Burning 233 DVDs is easy if you have the right equipment. At my workplace we
used to use units from rimage.com and now use units from microboards.com. The
units have built-in inkjet printers so that each disc can have its own label.
The software that will let you queue up lots of jobs at once.

(You don't want a disk duplicator, those will typically burn you 10-at-once of
the same image.)

------
terminado
If you're going to master an original work in a digital format, and it's going
to be a terabyte of anything, why MP3 and not FLAC?

Figure at a bitrate of 128 kbps, and a sample rate of 44.1 Khz, an MP3 1
million bytes in size usually clocks in at close to 1 minute of playback. With
those statistics in mind, a ballpark figure of 2 years of noise is a
reasonable estimate, and that's pretty close to the 711.5 days they cite.

FLAC compression, by comparison, is closer to 10MB per minute, so maybe you'd
only get 71 days in the same space, or require 10TB of storage.

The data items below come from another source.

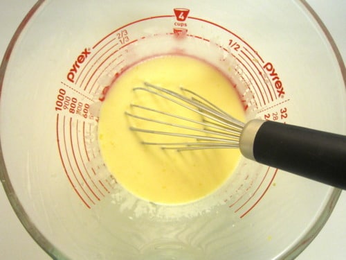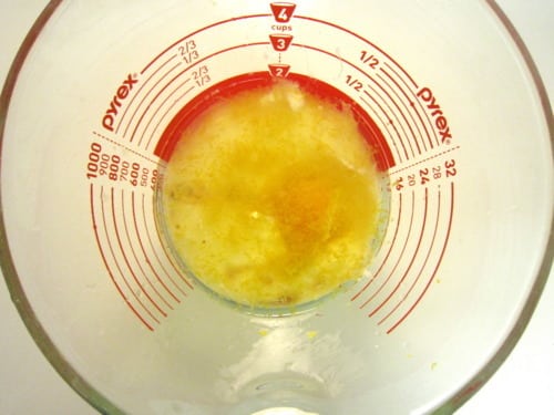 In a large glass measuring cup or another bowl, whisk together the yogurt, oil, sugar, egg, vanilla, lemon zest and lemon juice.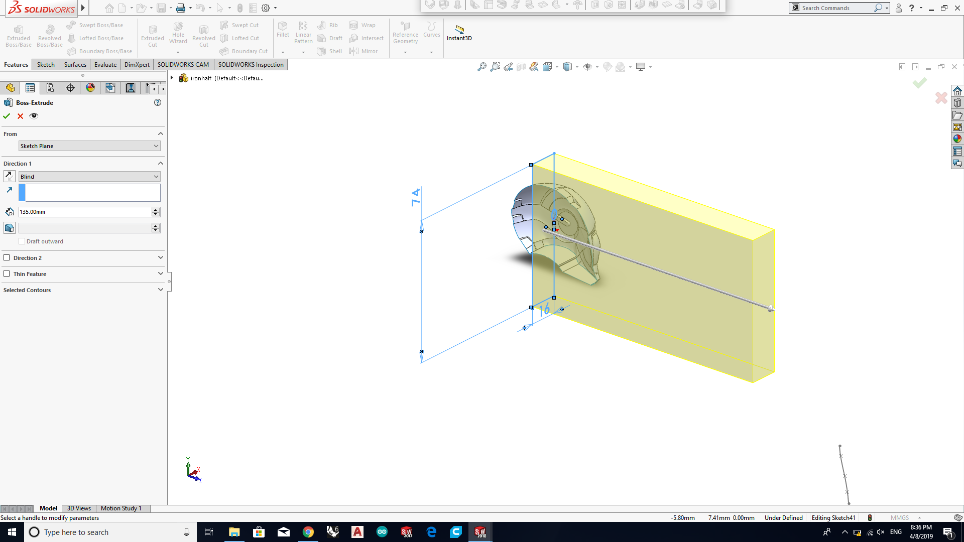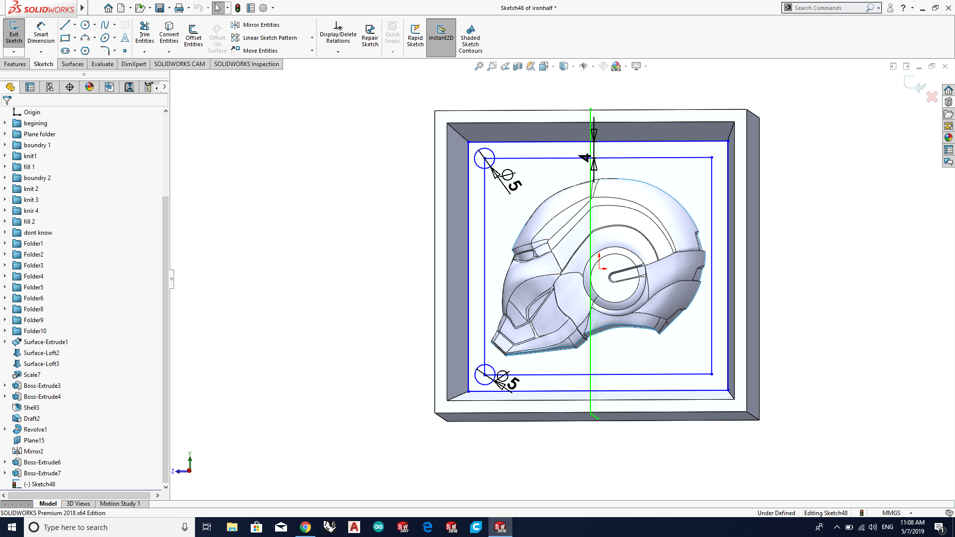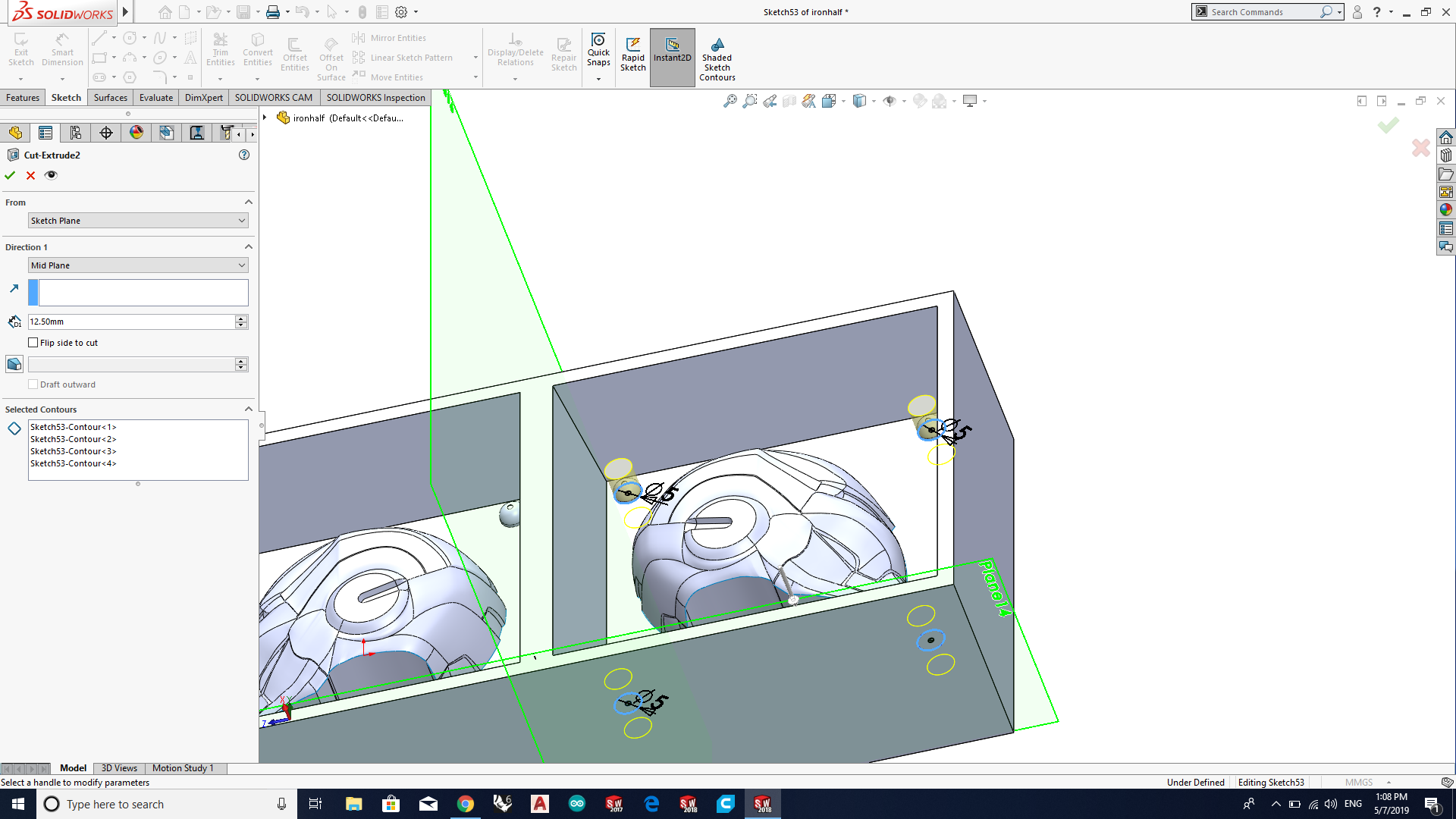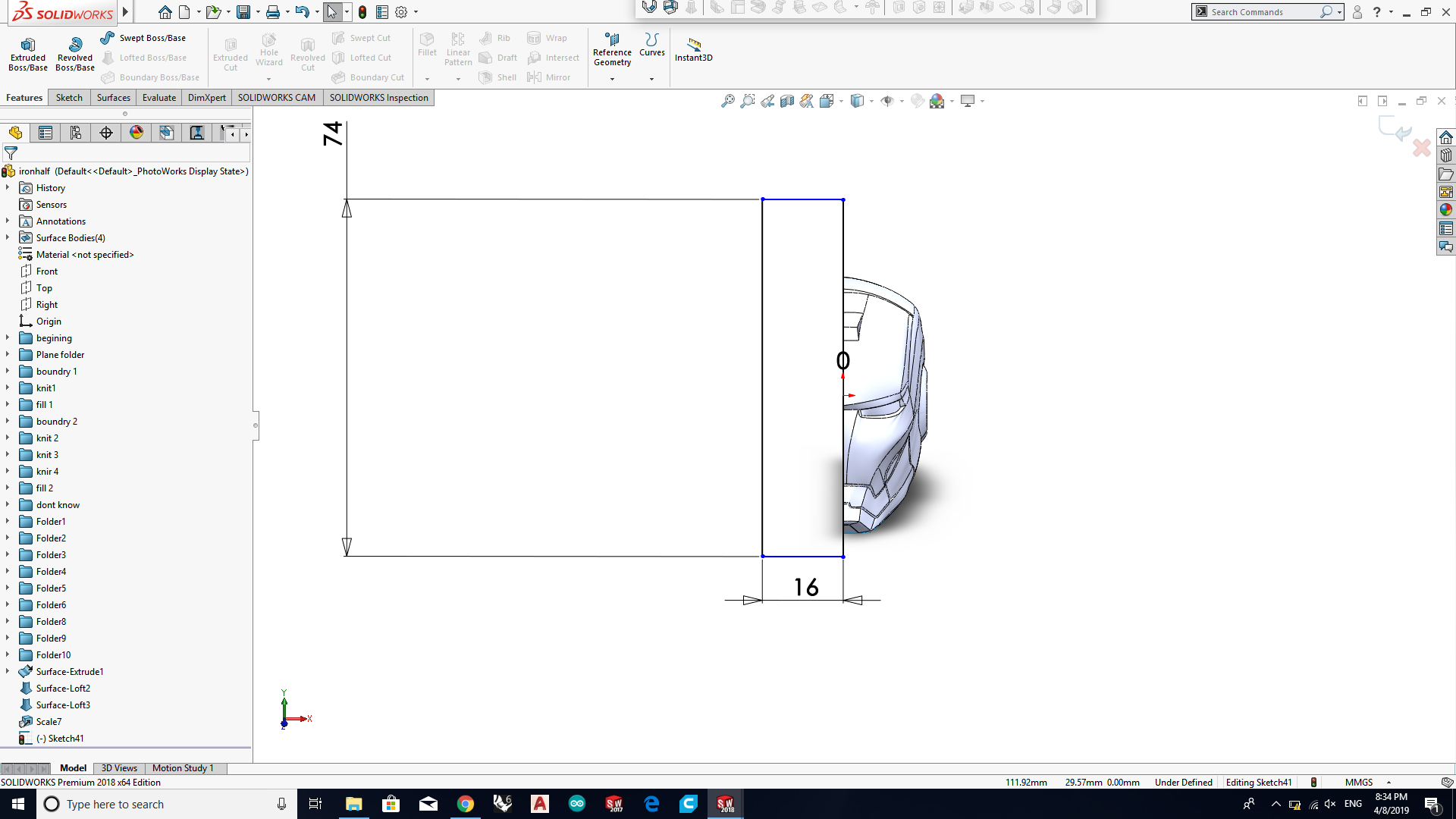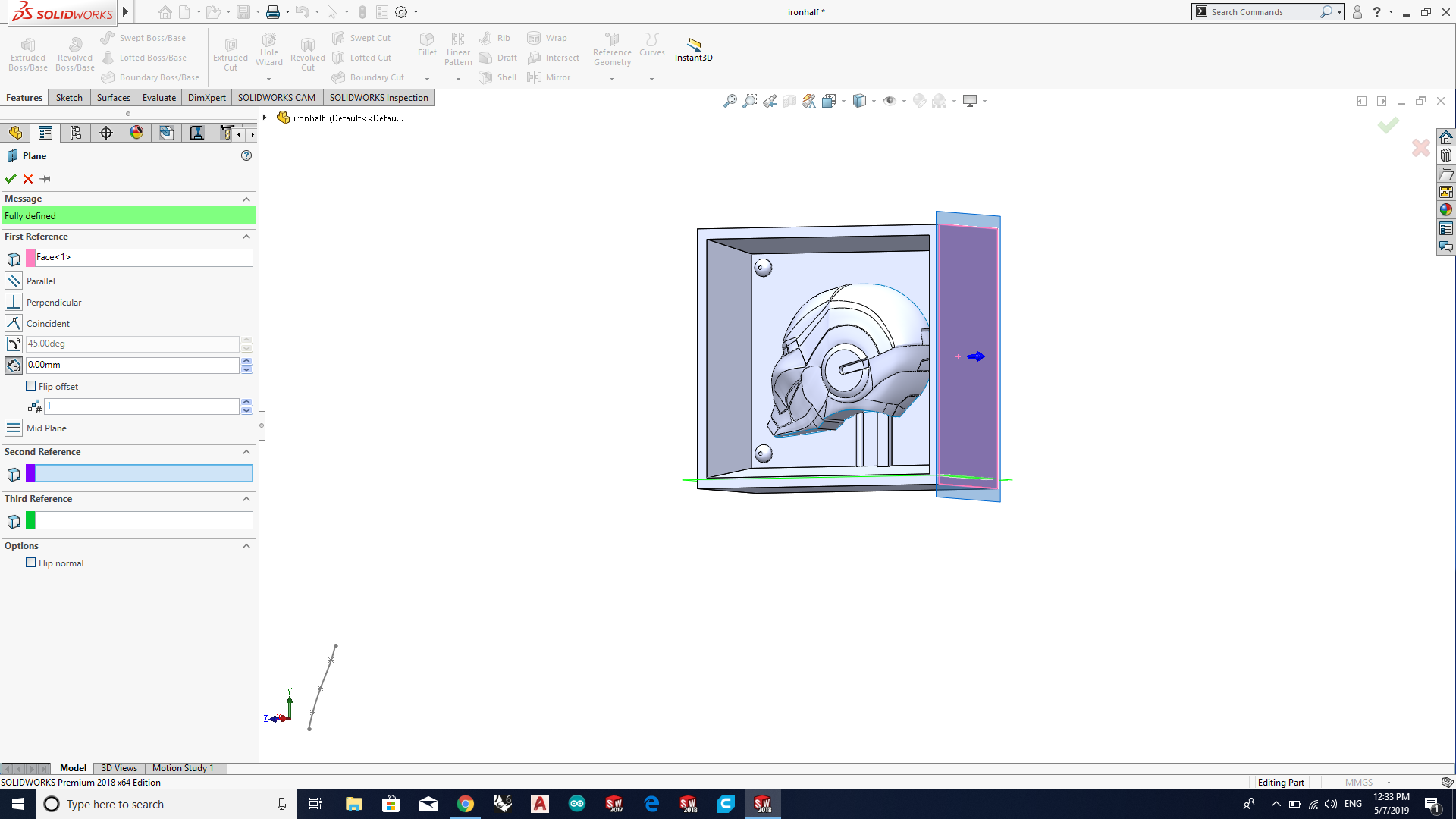 1- I got Iron Man's helmet design file for the helmet from GrabCAD as a solidowrks file. I imported the file to SolidWorks and cut it into half with the help of one of the Fab Engineers at QBIC Fablab.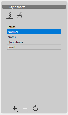 Este panel gestiona hojas de estilo para documentos en el área 4D Write Pro.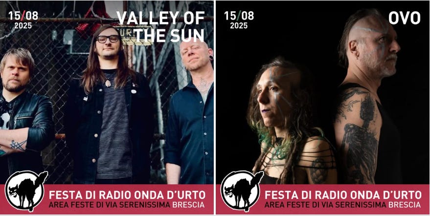PALCO PRINCIPALE - Ferragosto 2025 a tutto hard rock, tra stoner, industrial, noise e pennellate metal per la Festa di Radio Onda d’Urto! Questa sera, venerdì 15 agosto, sul palco principale di via Serenissima, atterrerà dagli Usa l'astronave sonora dei VALLEY OF THE SUN. Nella stessa serata anche gli OvO, storica band italiana da sempre proiettata sui palchi di mezzo mondo grazie alla capacità di essere, da un quarto di secolo, un oggetto... estraneo e misterioso del panorama musicale internazionale.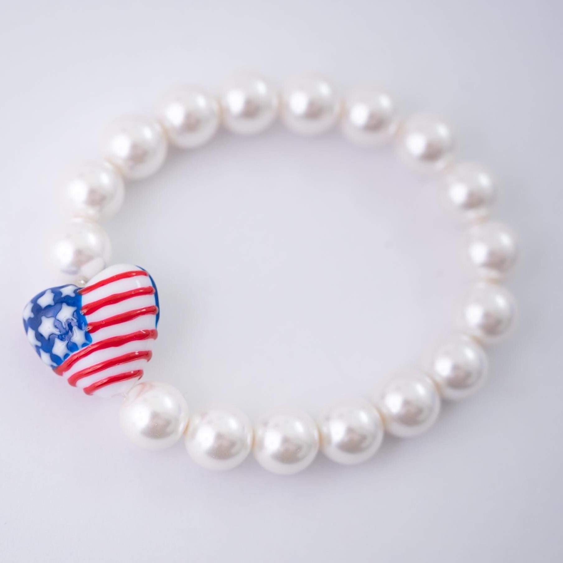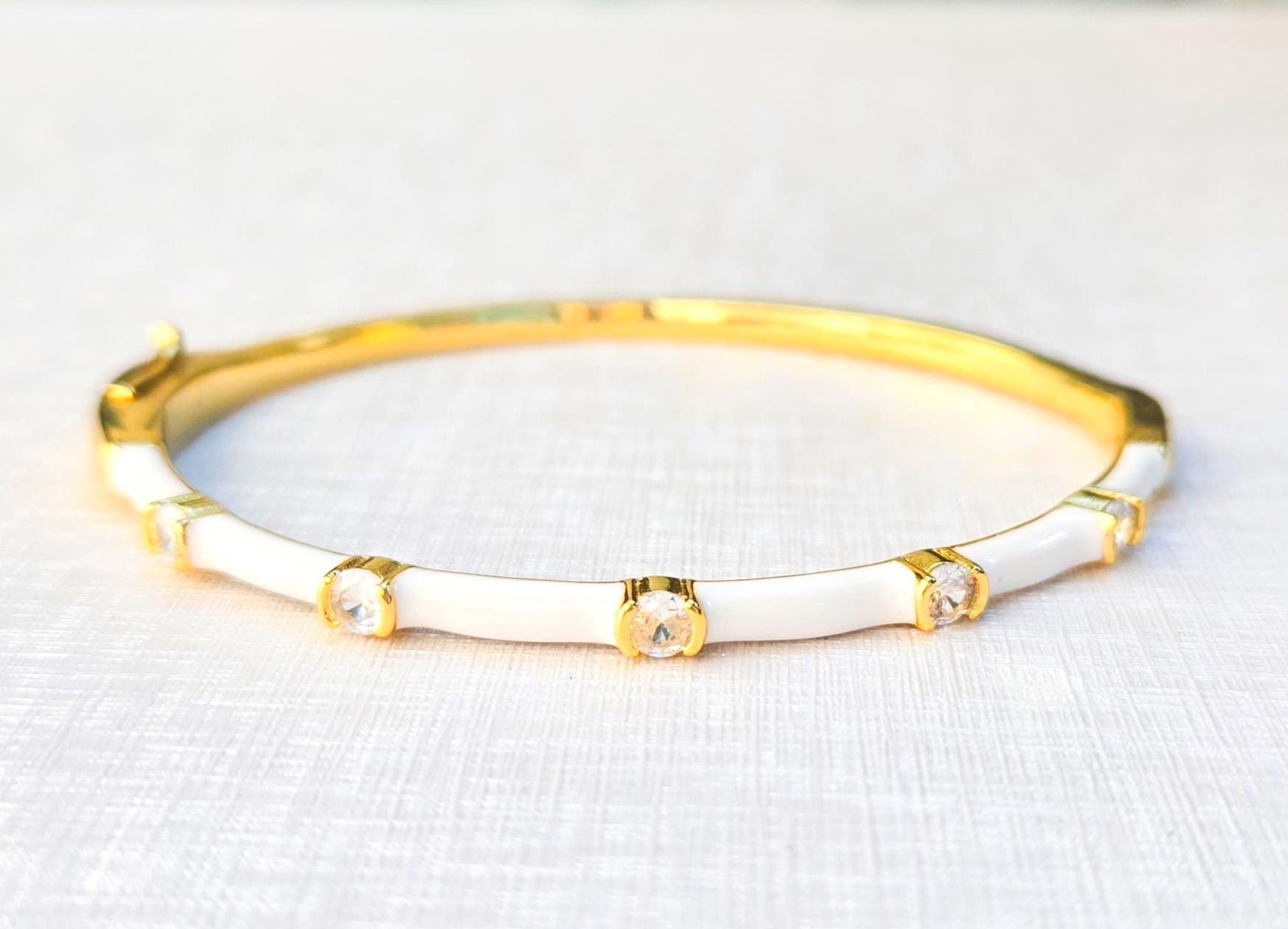 The Camille Chinoiserie Painted Bead Stretchy Bracelet with Brushed Gold Ball - Pink Floral Colorway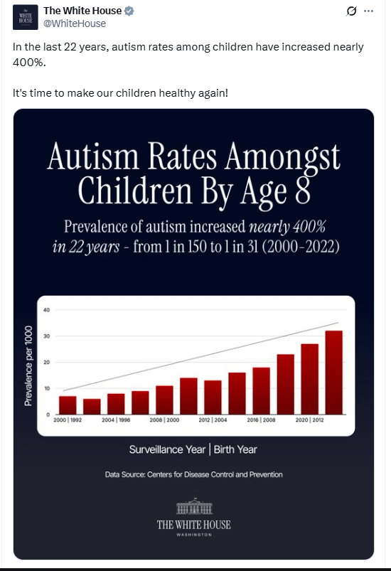 I don’t know whether it’s good or bad that the diagnostics / definition of autism seem to be broadening — that’s above my pay grade. But you can’t deny people who weren’t considered autistic 30 years ago are today, and so to compare autism rates which measure clearly different levels of capability is pretty useless.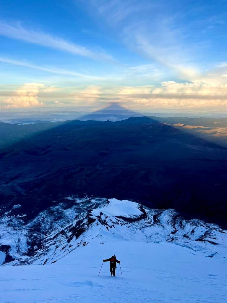 “Llevábamos tiempo queriendo escalar el Chimborazo, pero las condiciones no habían sido las mejores en las últimas semanas debido a la gran cantidad de nieve y avalanchas. Finalmente, tuvimos una ventana y resultó ser un hermoso día en la montaña. Éramos los únicos allí arriba, salvo algunas personas que regresaban por mal de altura y un par de personas en el campamento de altura”, relató.

You could
probably fit the lossless version on roughly 400 blu-rays, and opposed to some
233 DVDs?

Even cooler though, is what seems to be some java source for the original
noise?

[http://www.jliat.com/HNW/](http://www.jliat.com/HNW/)

[http://www.jliat.com/HNW/HNW.java](http://www.jliat.com/HNW/HNW.java)

Who needs a compressed static copy, when you have the original source?

EDIT: There's also a lossless version in 16 bit WAV audio...

[http://www.jliat.com/HNW510/](http://www.jliat.com/HNW510/)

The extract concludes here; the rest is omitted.